→ **Work to be completed**
Output the listing below verbatim, without images.

→ **Data block**
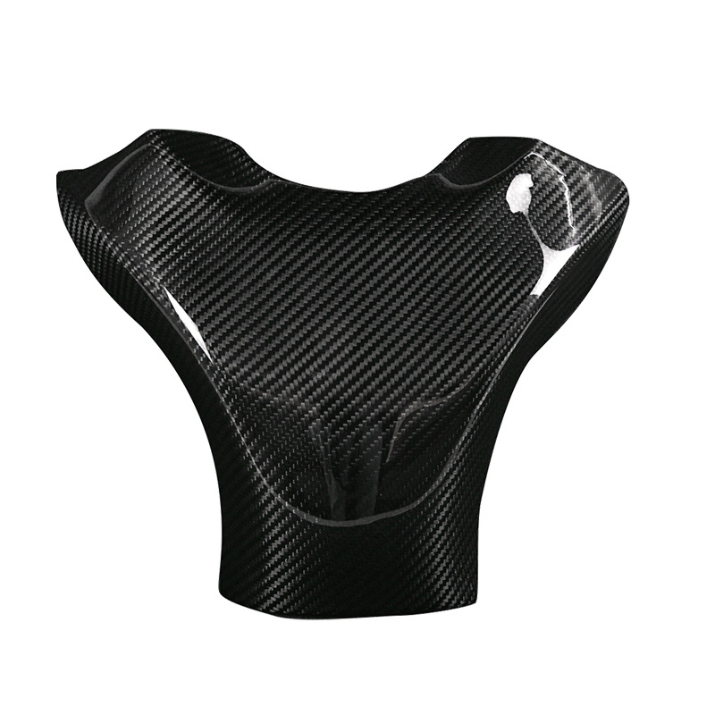 Cubierta fabricada en fibra de carbono real, diseñada para proteger y embellecer la parte inferior del depósito de la Kawasaki ZX-6R. Ideal para completar un conjunto estético en carbono con un acabado limpio y agresivo.
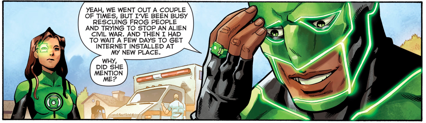 Mark: Green Lanterns 40 is Tim Seeley at his best, and so much of my enjoyment of the issue comes down to the relatability of each and every hero. The Bulleteer is a superhero, yes, but she’s also just a woman worried about the well-being of her friend. Baz is a protector of the universe, sure, but he’s also mildly terrified when he recounts his date with Night Pilot and the stress of simply having to wait for internet to be installed in a new apartment.
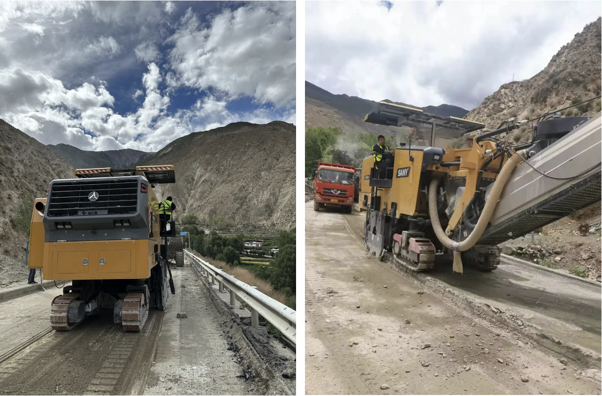 在雪域高原区域,随着海拔的逐步升高,就连徒步行走都相当于内地的负重前行,而设备来到高原,性能也难免有所降低。本次需要施工的路段路面硬度高且夹杂着大量石头,对铣刨刀头损耗较大,加上道路坡陡弯多,对铣刨机的稳定性有着较高的要求。
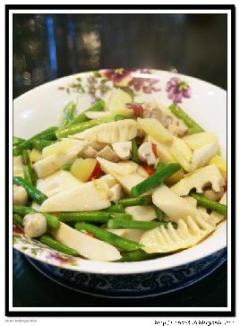1.用到的时令素菜是竹笋、芦笋、蘑菇,竹笋切长滚刀,芦笋切寸段,蘑菇见大小一切为二或四。

→ **Problem solution**
 Cubierta fabricada en fibra de carbono real, diseñada para proteger y embellecer la parte inferior del depósito de la Kawasaki ZX-6R. Ideal para completar un conjunto estético en carbono con un acabado limpio y agresivo.
 Mark: Green Lanterns 40 is Tim Seeley at his best, and so much of my enjoyment of the issue comes down to the relatability of each and every hero. The Bulleteer is a superhero, yes, but she’s also just a woman worried about the well-being of her friend. Baz is a protector of the universe, sure, but he’s also mildly terrified when he recounts his date with Night Pilot and the stress of simply having to wait for internet to be installed in a new apartment.
 在雪域高原区域,随着海拔的逐步升高,就连徒步行走都相当于内地的负重前行,而设备来到高原,性能也难免有所降低。本次需要施工的路段路面硬度高且夹杂着大量石头,对铣刨刀头损耗较大,加上道路坡陡弯多,对铣刨机的稳定性有着较高的要求。
1.用到的时令素菜是竹笋、芦笋、蘑菇,竹笋切长滚刀,芦笋切寸段,蘑菇见大小一切为二或四。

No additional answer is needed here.